Apakah ada kompensasi bila kargo yang dikirim hilang, musnah atau rusak?

(a) Terhadap kargo yang hilang atau musnah ganti rugi pada pengirim sebesar Rp. 100.000,- (seratus ribu rupiah) per kg.
(b) Terhadap rusak sebagian atau seluruh isi kargo atau kargo, ganti rugi pada pengirim sebesar Rp. 50.000,- (lima puluh ribu rupiah) per kg.
(c) Apabila pada saat menyerahkan kepada operator penerbangan, pengirim menyatakan nilai kargo dalam surat muatan udara (airway bill, ganti kerugian yang wajib dibayarkan oleh operator penerbangan kepada pengirim sebesar nilai kargo yang dinyatakan dalam surat muatan udara.
Apa saja sih yang dimaksud dengan keterlambatan angkutan udara itu?
(a) Keterlambatan penerbangan (flight delayed)
(b) Tidak terangkutnya penumpang dengan alasan kapasitas pesawat udara (denied boarding passanger)
(c) Pembatalan penerbangan (cancellation of flight).

Bila ada keterlambatan, apa kompensasi yang di dapat sebagai hak penumpang?

(a) Keterlambatan lebih dari 4 jam diberikan ganti rugi sebesar Rp. 300.000,- (tiga ratus ribu rupiah) per penumpang.
(b) Ganti rugi sebesar 50% untuk keterlambatan lebih dari 4 jam, apabila pengangkut menawarkan tempat tujuan lain yang terdekat dengan tujuan penerbangan akhir penumpang (re-routing) dan pengangkut wajib menyediakan tiket penerbangan lanjutan atau menyediakan transportasi lain sampai ke tempat tujuan apabila tidak ada moda transportasi selain angkutan udara.
(c) Bila dialihkan ke penerbangan berikutnya atau penerbangan milik Badan Usaha Niaga berjadwal lain, penumpang dibebaskan dari biaya tambahan, termasuk peningkatan kelas pelayanan (upgrading class) atau apabila terjadi penurunan kelas atau sub kelas pelayanan, maka terhadap penumpang wajib diberikan sisa uang kelebihan dari tiket yang dibeli.

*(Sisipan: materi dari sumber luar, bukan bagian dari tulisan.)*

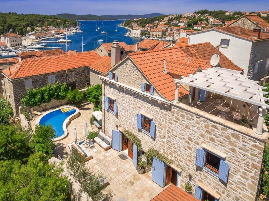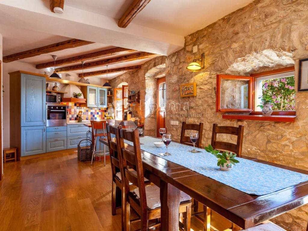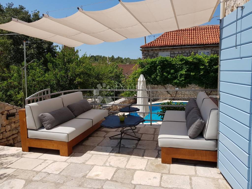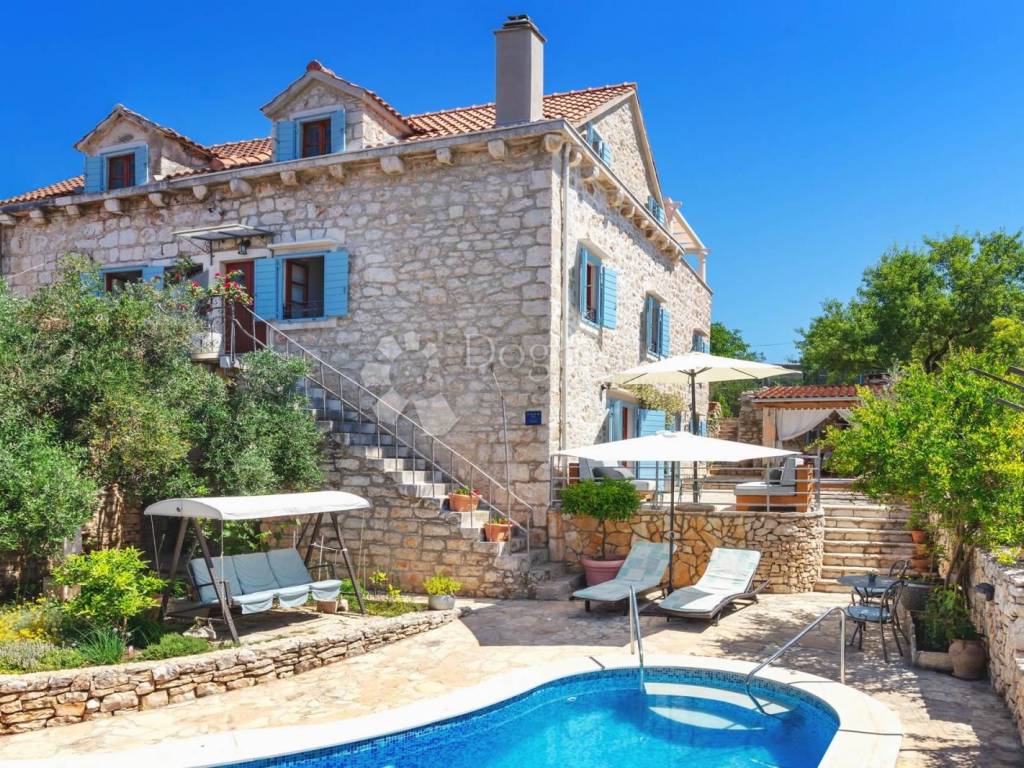 For sale, charming stone villa in the heart of Milna on the island of Brač. This authentic Dalmatian house offers the perfect combination of traditional and modern, providing comfort and luxury in the heart of Mediterranean nature.

Apa yang menjadi hak penumpang apabila penumpang tidak terangkut dengan alasan kapasitas pesawat udara (denied boarding passanger)?

Penumpang mendapat ganti rugi berupa:
(a) mengalihkan penerbangan lain tanpa membayar biaya tambahan; dan/ atau
(b) memberikan konsumsi, akomodai dan biaya transportasi apabila tidak ada penerbangan lain ke tempat tujuan.

Lalu, apa yang menjadi hak penumpang bila ada pembatalan penerbangan?

Pengangkut wajib memberitahukan kepada penumpang paling lambat 7 hari kalender sebelum pelaksanaan penerbangan. Dalam hal ini pengangkut wajib pula mengembalikan seluruh uang tiket yang telah dibayarkan oleh penumpang.

Peraturan ini baru berlaku 3 bulan sejak tanggal ditetapkan. Jadi, kita lihat saja nanti, semoga dalam pelaksanaannya dapat menguntungkan pihak penumpang maupun pihak operator penerbangan.